TASK REQUIREMENTS => The answer is to be the lines of the material from its start through the line containing "3. 住院护理服务,协助您在家属或朋友精力有限时,提供专业可靠的服务;", each copied exactly; no pictures.

DATA PROVIDED =>
- - - -
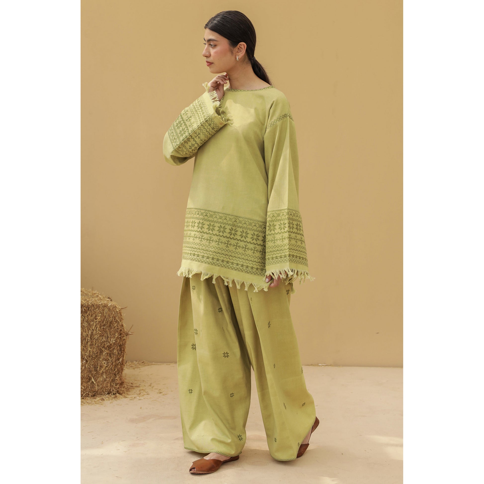 Avocado green sooti khaddar shalwar kameez with monotone cross stitch embroidery.
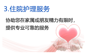 3. 住院护理服务,协助您在家属或朋友精力有限时,提供专业可靠的服务;
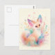 This enchanting design features an incredibly sweet and slender fennec fox shown standing gracefully in a dreamlike, minimalist meadow. Created as a high-quality digital illustration in a soft watercolor style, the fox has fuzzy white and cream plumage, with its iconic large ears beautifully tipped in pastel shades of blue, purple, and pink. Its large, almond-shaped dark eyes gaze thoughtfully toward the viewer, conveying a sense of quiet magic and gentle curiosity. The character is nestled among a sparse and airy arrangement of hand-painted pastel wildflowers, delicate pink butterfly silhouettes, and colorful paint splatters that drift through the clean, off-white background. The overall aesthetic is tranquil, sophisticated, and full of whimsical wonder, making it an exceptional choice for fans of minimalist animal art and magical desert creatures. This whimsical fennec fox postcard is a perfect choice for sending a "thinking of you" note or a dreamy greeting to a friend who finds joy in the quiet magic of artistic wildlife. You might choose to use this artistic card for a pastel-themed baby shower invitation or to celebrate a professional achievement with a touch of ethereal elegance for your colleagues. It also makes a beautiful decorative piece for a modern nursery wall or a stylish addition to a creative journal as a small token of whimsical beauty. This versatile design is also an excellent choice for a housewarming message, a graduation thank you note, or as a heartwarming way to share a message of joy for any situation or event.
- - - -
EXERCISE RESPONSE =>
 Avocado green sooti khaddar shalwar kameez with monotone cross stitch embroidery.
 3. 住院护理服务,协助您在家属或朋友精力有限时,提供专业可靠的服务;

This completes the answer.